Забулькала Катя, как старая пластинка, скорчилась от рыданий. Николай Егорович жену утешал, пытался погладить ее, стонущую, по голове, по спутанным волосам, как издавна привык утешать.
Когда вернулся домой Викентий, вроде забылся этот ночной разговор, вроде и не было его. Истаял, как ночной кошмар, который вспоминать и держать в голове самое пустое дело. Для Кати он и был воистину кошмаром – этот разговор. Она на другой день порывалась спросить мужа, помнит ли он, о чем у них затянулась ночью беседа, да момента не выбрала, потом и рукой махнула, запамятовала, навеки запамятовала.

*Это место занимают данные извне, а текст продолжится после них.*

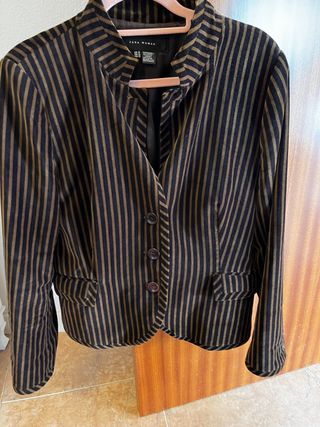 Chaqueta tipo blazer de la marca Zara. - Color azul marino y otra negra. - Diseño clásico con un botón. - Cuello solapa.
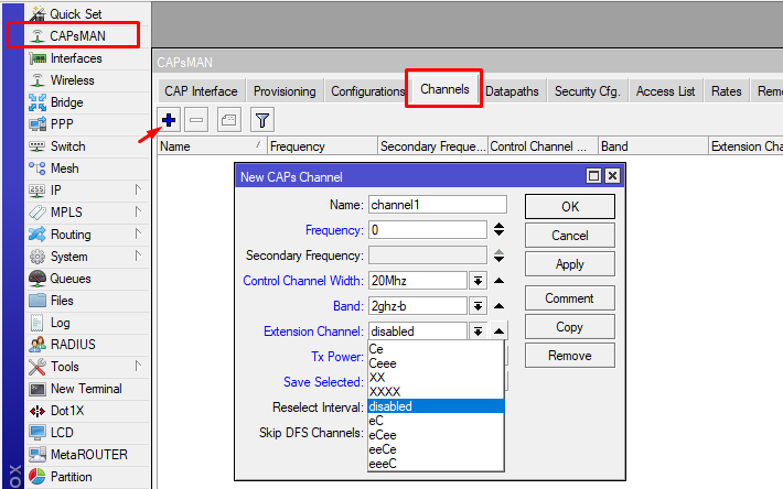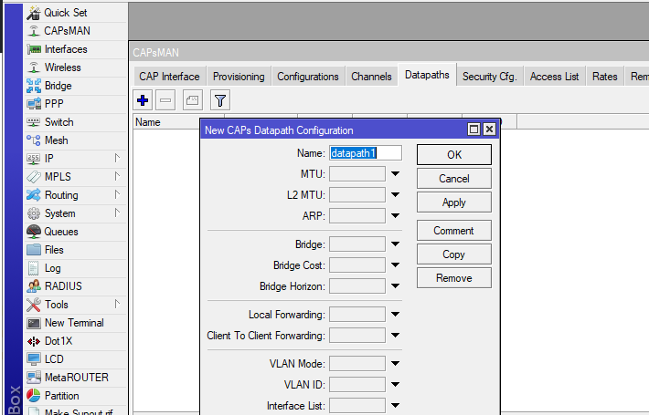 set [ find default-name=wifi1 ] configuration.manager=capsman datapath=capdp disabled=no
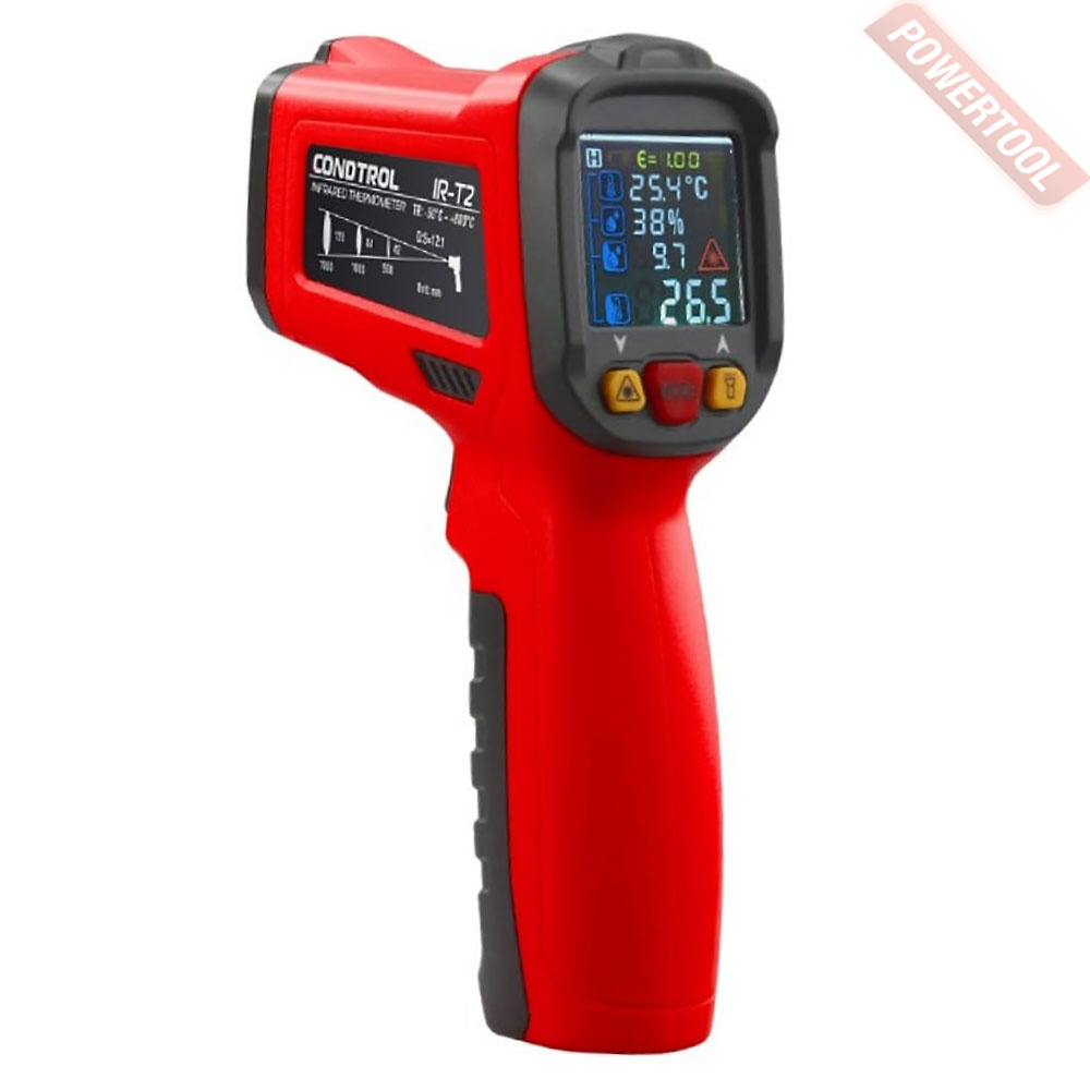 Пирометр CONDTROL IR-T2 - предназначен для измерения температуры поверхностей объектов, как бесконтактным способом, так и посредством термопары. Он оснащен датчиками температуры и влажности воздуха в помещении, инфракрасным сенсором для измерения температуры поверхности объекта, благодаря чему способен определять тепловые мосты и места возможного образования плесени. Функция ультрафиолетовой подсветки позволяет проводить диагностику систем кондиционирования.
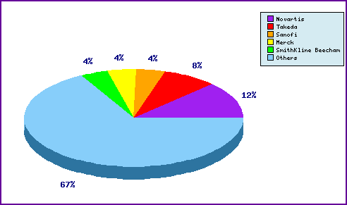 A representation of patentees who have filed the most patent families for this INN. Note the prominence of relevant applications filed by manufacturers of competing ‘sartan’ drugs, Novartis (Valsartan), Takeda (Candesartan and Azilsartan), Merck (Losartan) and SmithKline Beecham (Eprosartan); as well as the diversity of applicants represented by the significant portion outside of the top five, largely representing generic companies.
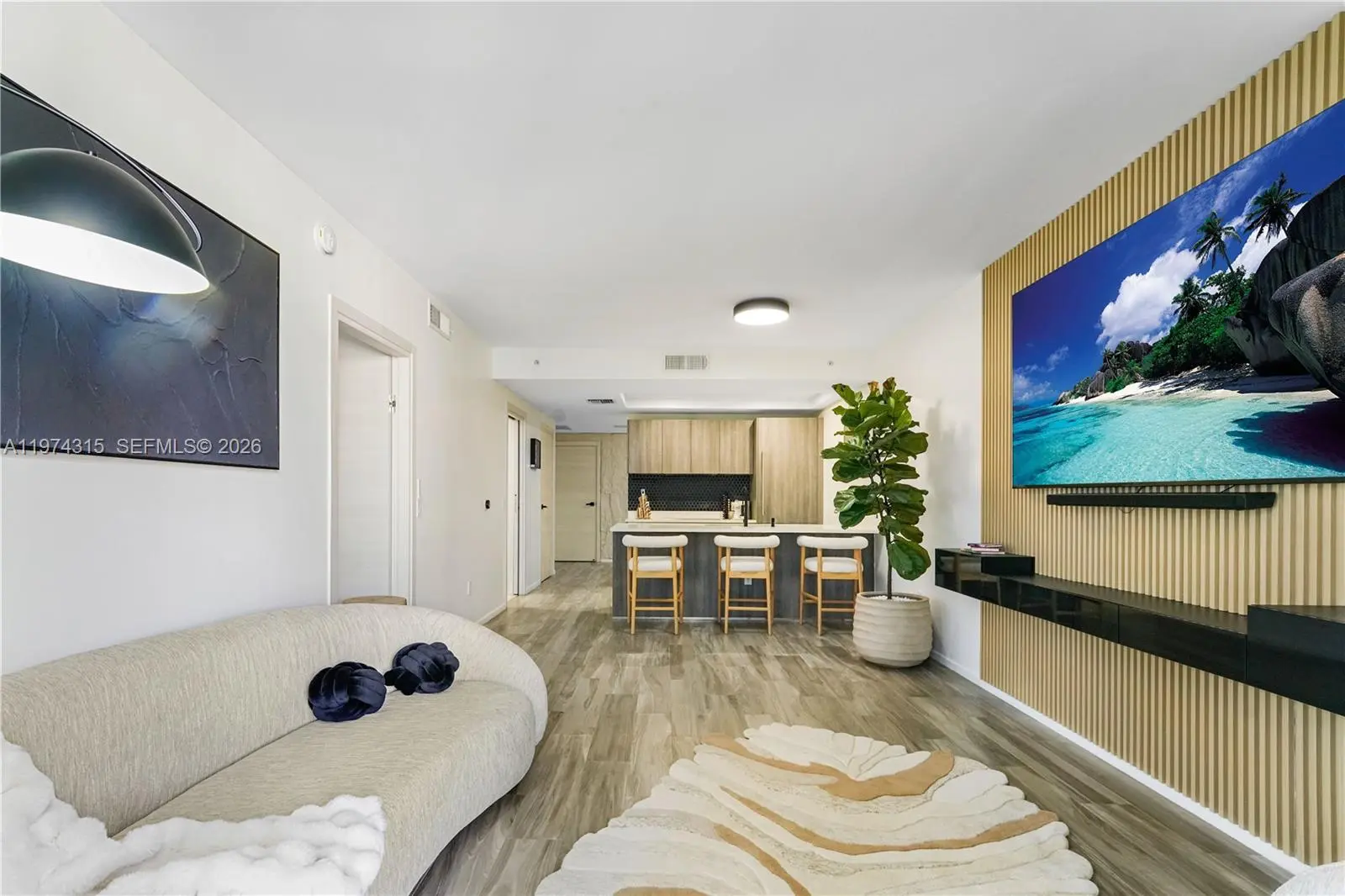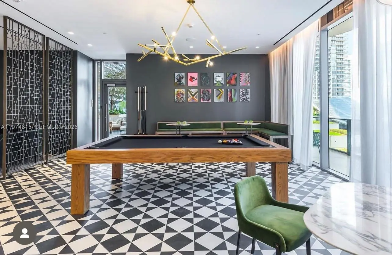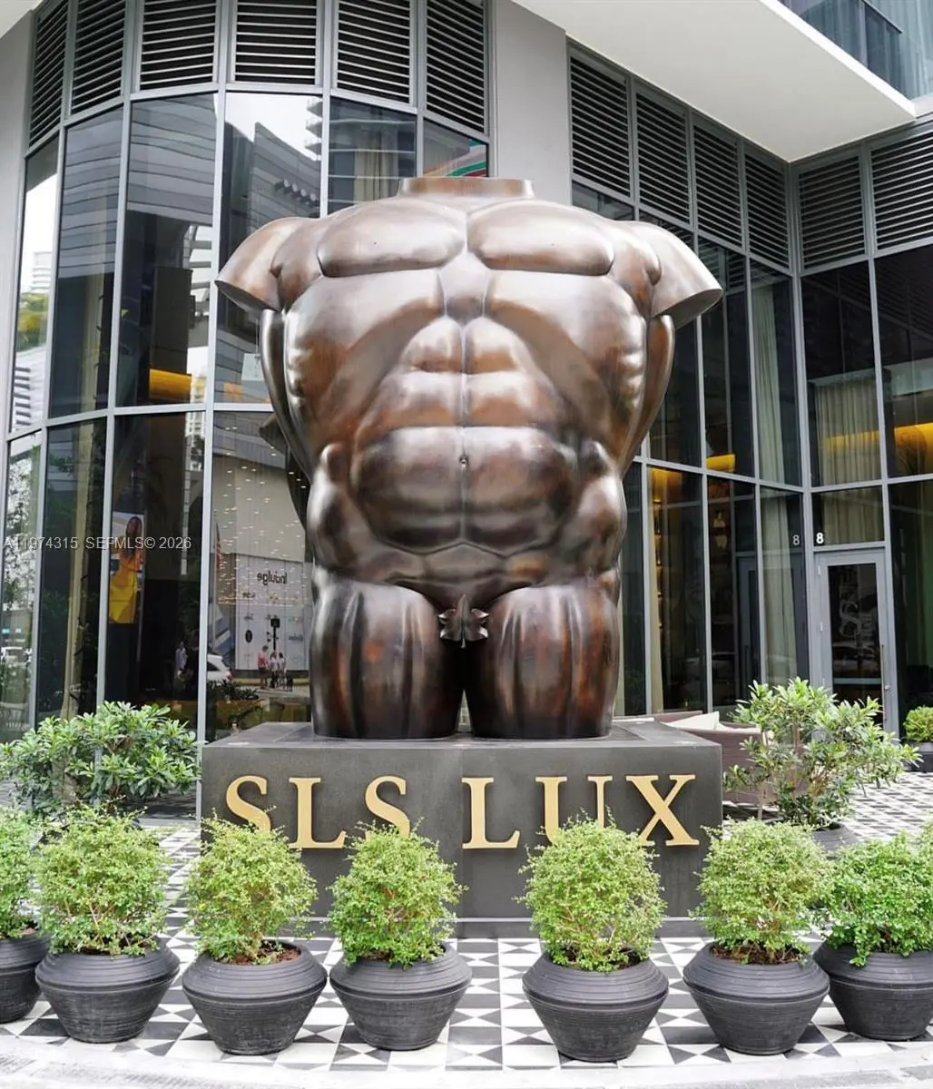 Experience elevated modern luxury in this beautifully redesigned 1 Bedroom + Den, 2 Full Bathroom residence at SLS Lux in the heart of Brickell. Fully upgraded with a sophisticated contemporary aesthetic, this move-in-ready unit features wood-look flooring throughout, custom architectural wall paneling, designer recessed lighting, and an open-concept layout that blends elegance and functionality. The statement kitchen showcases premium appliances, sleek cabinetry, a spacious island ideal for entertaining, and a striking black hexagon backsplash. The residence is equipped with motorized blackout shade for added comfort and privacy. The primary suite offers direct balcony access, a spa-inspired bathroom, and a fully customized walk-in closet, while the den provides flexible space for a home office or guest area. Enjoy a private terrace with impressive Brickell skyline and city views. SLS Lux delivers world-class amenities including rooftop pool, 45th-floor sky lounge, fitness center, tennis court, concierge, valet, hotel-style pool deck, and on-site dining. Designer finished. Prime Brickell location.
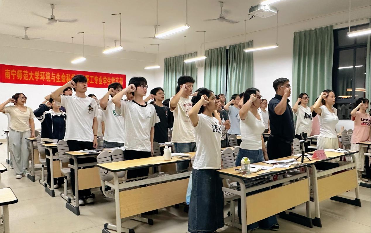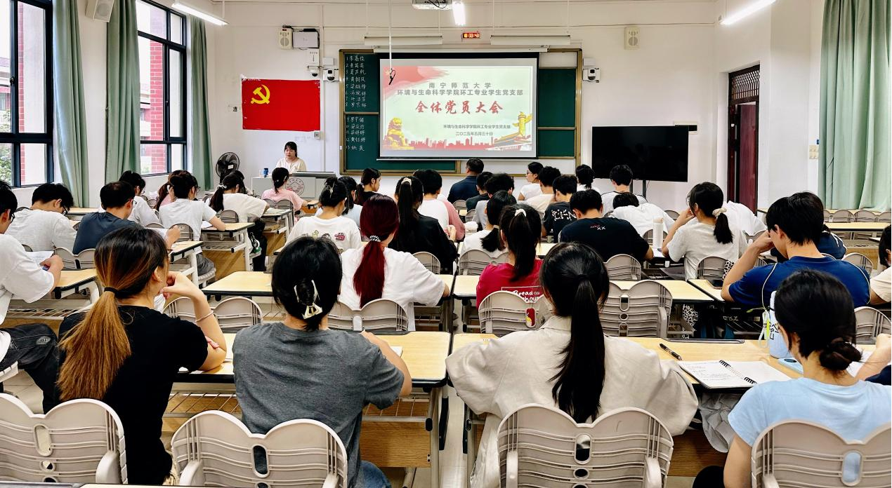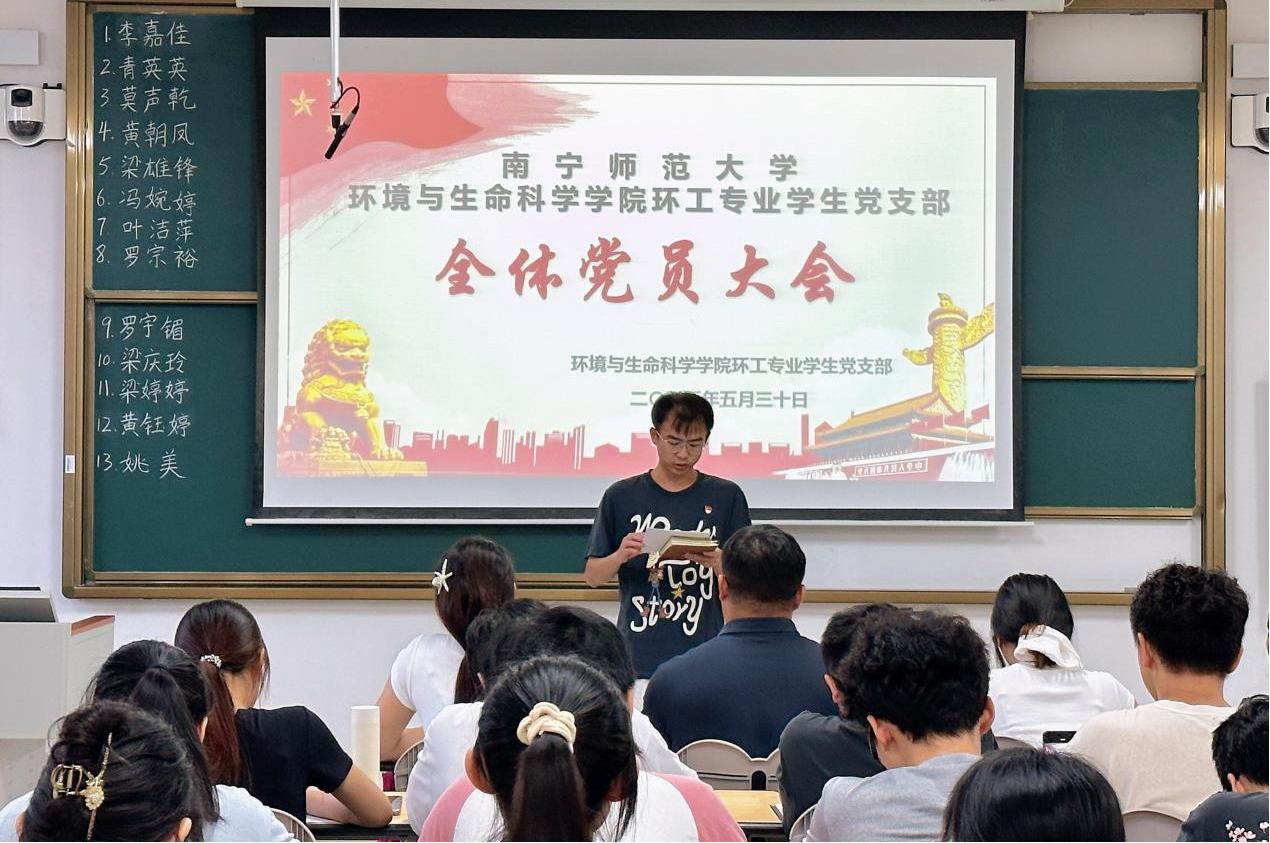 环工专业学生党支部于5月30日晚在武鸣校区1号教学楼220教室召开党员大会,讨论李嘉佳等13名预备党员转正事宜。党支部书记普胤杰主持会议。

Почувствовал, что в доме неладно, и пес Балкан, неусмиренный фокстерьер. Он не путался, как обычно, под ногами, не шлялся с угрожающим оскалом из комнаты в комнату, не заигрывал с Николаем Егоровичем, – смирно дремал на своей подстилке у двери и изредка то ли выл потихоньку, то ли скулил. Возможно, его странное поведение отчасти объяснялось унизительным случаем, который произошел с ним на недавней прогулке. У самого леса, уже спущенный с поводка, Балкан засек одного из своих заклятых врагов – пожилого, занозистого спаниеля Кука. Тот прогуливался со своим хозяином, имени которого Балкан не знал и знать не желал. Увидев Балкана, проклятый спаниель издали состроил ему издевательскую рожу и слегка тявкнул. Этого оказалось вполне достаточно, чтобы вывести Балкана из созерцательного, добродушного состояния. Ничего более не соображая, ослепленный приступом безрассудного бешенства, Балкан прыжками помчался на противника, подлаивая и сбрасывая на землю белую пену. Спаниель, трясясь, метнулся за ближайшее дерево. И тут произошел чудовищный казус. Не рассчитав скорости, Балкан не успел свернуть и в высоком прыжке ввинтился лбом в корявый ствол сосны. От удара он опрокинулся на бок и на миг потерял всякую ориентацию. Этим воспользовался хозяин спаниеля и пару раз со всей силы перетянул его поводком по морде. Укрепив себя в стоячем положении, Балкан обнаружил, что враги окружают его с двух сторон, и опять замешкался, не зная, кого первого проучить – ядовитого Кука или его обнаглевшего хозяина… Подбежавший вовремя Николай Егорович успел пристегнуть ему поводок и потащил, – упирающегося и истерически захлебывающегося теперь уже бессильной злобой, по направлению к дому. Спаниель Кук провожал его насмешливым кудахтаньем, а его торжествующий хозяин кричал о каких–то «вашей собаке необходимых прививках». До самого дома униженный Балкан плевался, хрипел, оседал на задние лапы и даже позволил себе неодобрительно вякнуть в адрес любимого хозяина, на что Николай Егорович в свою очередь отвесил ему доброго тычка под зад. Балкан глубоко переживал этот случай и целый день отказывался от пищи.
Сейчас, поглядывая на зевающего на подстилке Бал– кана, Николай Егорович припомнил эту историю.
– Надо что–то делать с собакой, – обратился к Егору, – все границы приличия она преступила. С поводка опасно спускать… Уже на людей бросается, вражья псина. А ведь это ты, Егор, уговорил нас с матерью завести собаку. Теперь и расхлебывай. Вызовут в суд – я не пойду. Сам пойдешь. Это же твой пес…
На кухню вышел заспанный, в трусах и майке, Викентий, услышал последние слова отца, зло усмехнувшись, посоветовал:
– На живодерню отвести, и дело с концом. Чего с ним канителиться?
Балкан глухо заурчал с подстилки.
– Все как есть понимает, – всплеснула руками Екатерина Всеволодовна, – откуда же в нем злости столько накопилось?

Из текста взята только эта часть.